As a teenager, Birmingham native Henry Hagood had his life all planned out, or so he thought. After college, he says, he was going to be an accountant. After all, he had always been ambitious and had a head for numbers. Math was one of his “better subjects.”

“When I started college, ” says Hagood, “that’s what I wanted to do.”

But a series of events propelled Hagood away from accounting into a successful, 44-year career with the Alabama chapter of The Associated General Contractors (AGC) of America, a trade association for the construction industry. As CEO of the Alabama chapter, Hagood serves more than 900 members who are construction contractors and industry-related businesses across Alabama and parts of Florida.

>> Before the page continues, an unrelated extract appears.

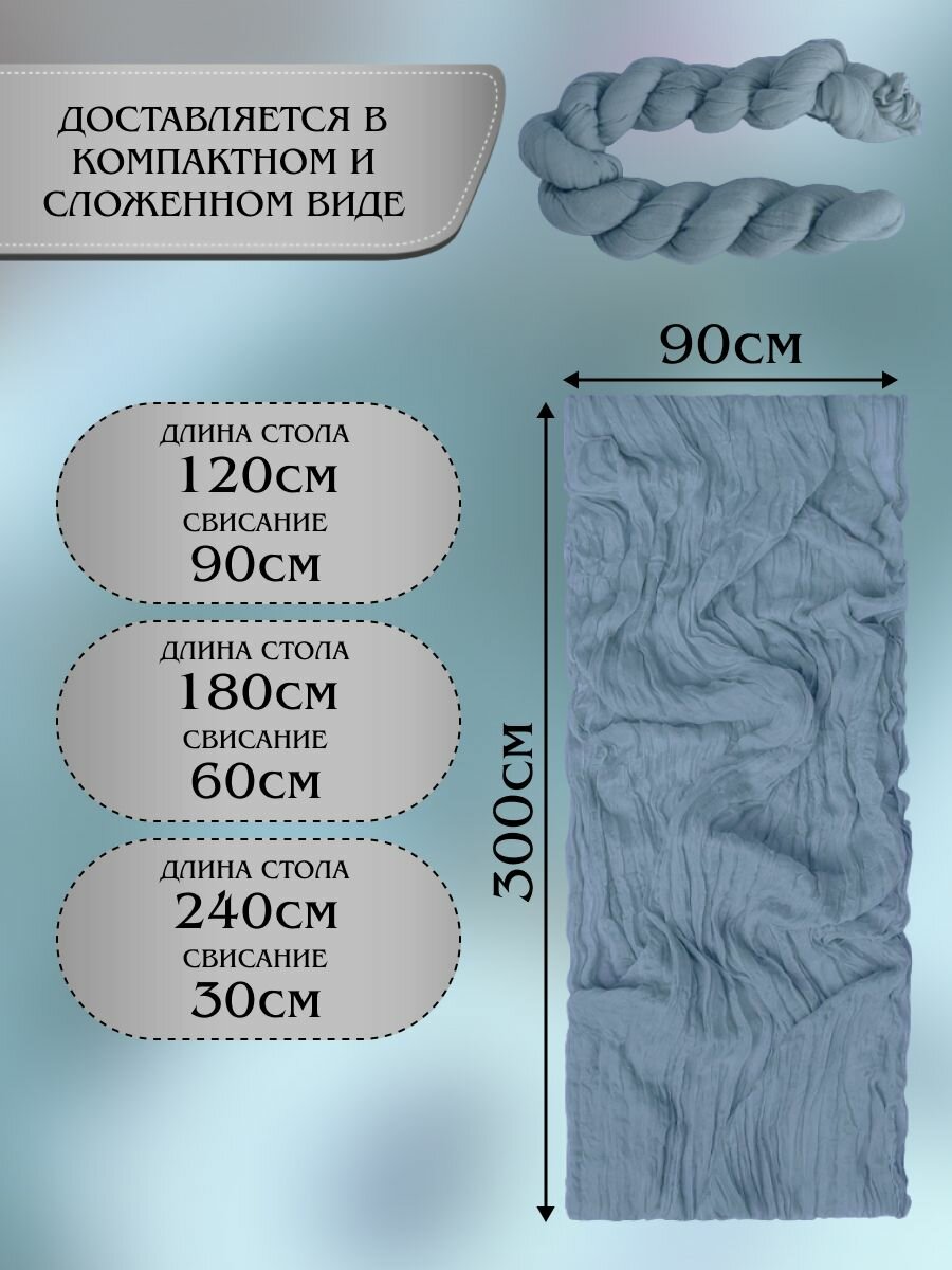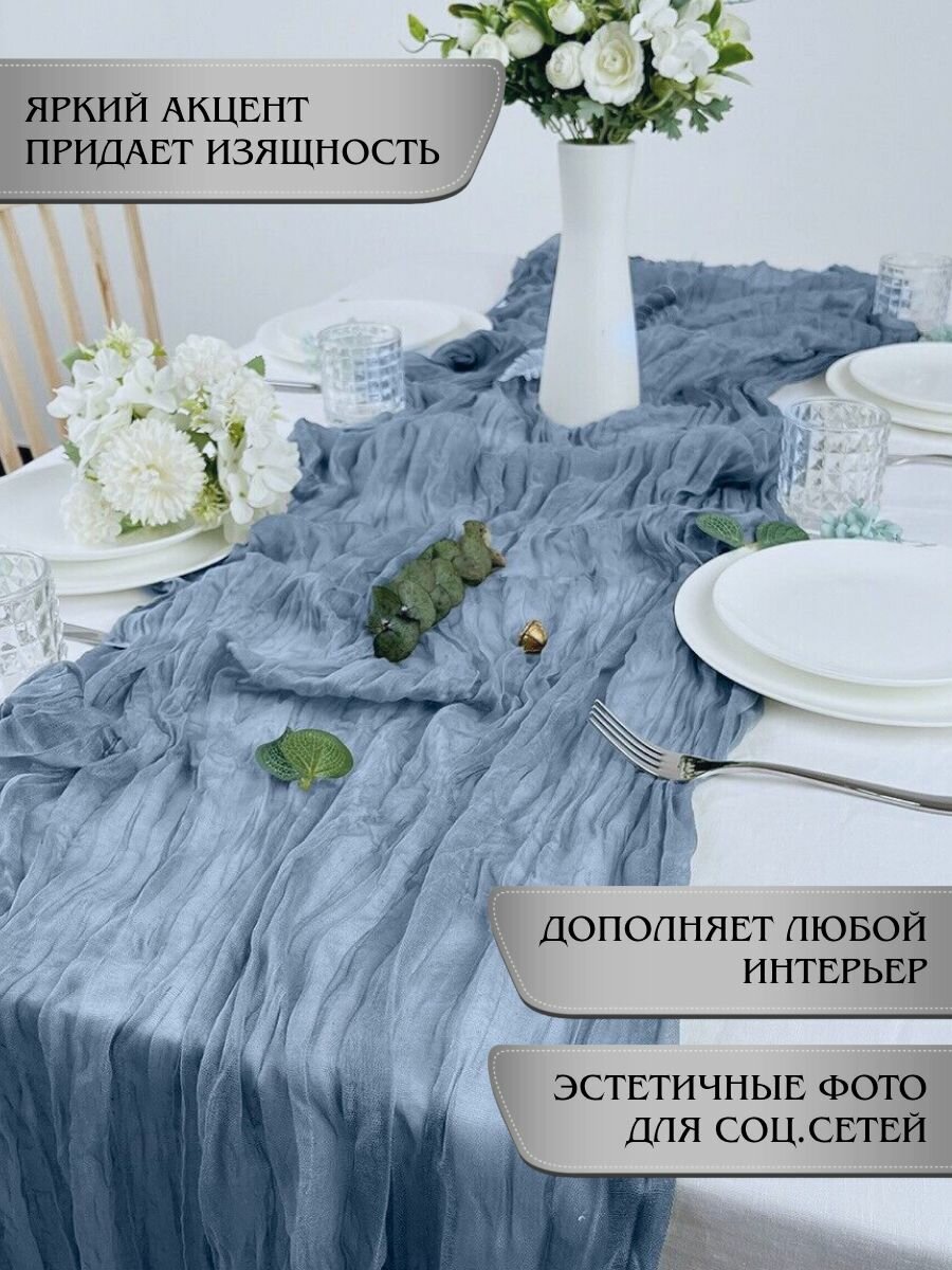 Скатерть-дорожка сервировочная на стол 90*300 см цвет голубой информация:

Hagood’s journey began after he enrolled at Samford University. To pay for school, he worked at a grocery store and later for a demolition contractor. One summer, to earn extra money, he says, he and three college friends got a subcontract with the company to tear down abandoned buildings on Birmingham’s west side. Later on, he got a full-time job as an apprentice sheet metal worker at Hays Aircraft, where his father was employed. He worked nights and attended classes during the day. When managers, however, learned that Hagood was an accounting major, they transferred him to the payroll department.

Although he was working in an area related to his field, as graduation approached, Hagood says he began questioning whether he had chosen the right major.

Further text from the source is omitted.